And then thismorning while were all getting ready for our daily stuff, School for my girls, work for Jill and I was to hang with Momoreg today..My little Becca says...Mommy what's that smell?

I go down to my basement and it stinks like gas or oil, I looked all over the place to find out where it was coming from,finally I saw it was coming from my sump pump. The pump was fill with water and some type of oily stuff and the floor around it felt warm, so I called the fire department (3 truckes and 1 chiefs suv)

Anyway they all went into my basement and told me it is methian gas (sewer gas) that back flowed into my pump from the heavy rains of the past 3 days.They took all kinds of readings with there gizmo's and alerted the pollution control of the problem.
They came out and checked the man holes on my street and there was no problem with them, so it is independent of my house  so my pump is also burned out and i'm waiting for the plumbers to come here to give me an estimate. The people who owned the house before me have the pump going out the main sewer line (which the fire department informed me is illegal  )

Michelle, we'll reschedule and everyone else, thanks for letting me vent!!


----------



## momoreg (Mar 4, 2000)

Well, if bad luck comes in 3s, then I guess you're up for some good luck soon. I hope it's not a major ordeal to fix the pump.

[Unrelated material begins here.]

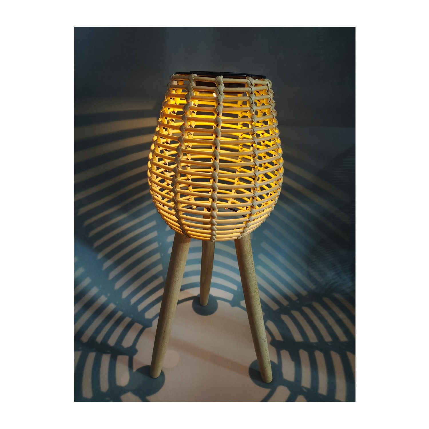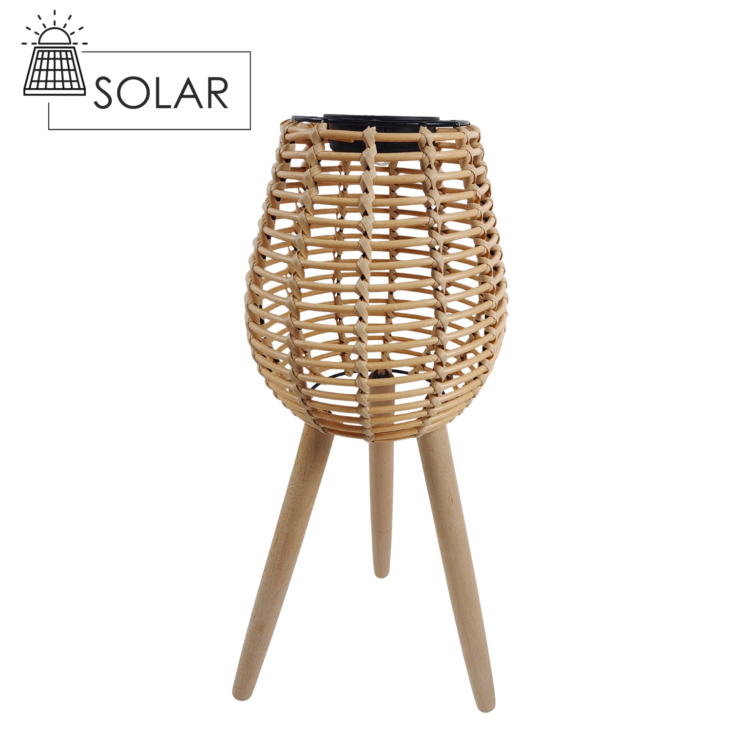 Розміри ліхтаря: ширина 20 см, висота 22/52 смНіжки: дерево, довжина 30 см, діаметр 2,5 смДжерело світла: 1× LED DIP-SMDСонячна панель: полікристалічна, 50×50 ммЖивлення: 1× акумулятор AA 300 мАг

We'll hang some other time.


----------



## leo r. (Nov 10, 2001)

Brad,some SOB has really peed on your parade 
The low-life you mention in the first part couldn`t possibly have s**t for brains.That would double his IQ!! Why do they call them joyriders?I can`t see a solitary thing that is funny about stealing someones car.If i had my way,i`d have them sent for psychiatric evaluation.There`s got to be something wrong with them.
As for the business with the methane gas problem,i suspect that someone,very conveniently, forgot to mention this.Doesn`t it make you want to put your hands round their thoat and hug them?Leo.:chef:


----------



## pete (Oct 7, 2001)

LOL Leo!!!! Sounds like a rough one CC. You've got to wonder what gets into the minds of idiots like that!!! Hope that new sump pump isn't going to cost you too much. Let us know how it all turns out!


----------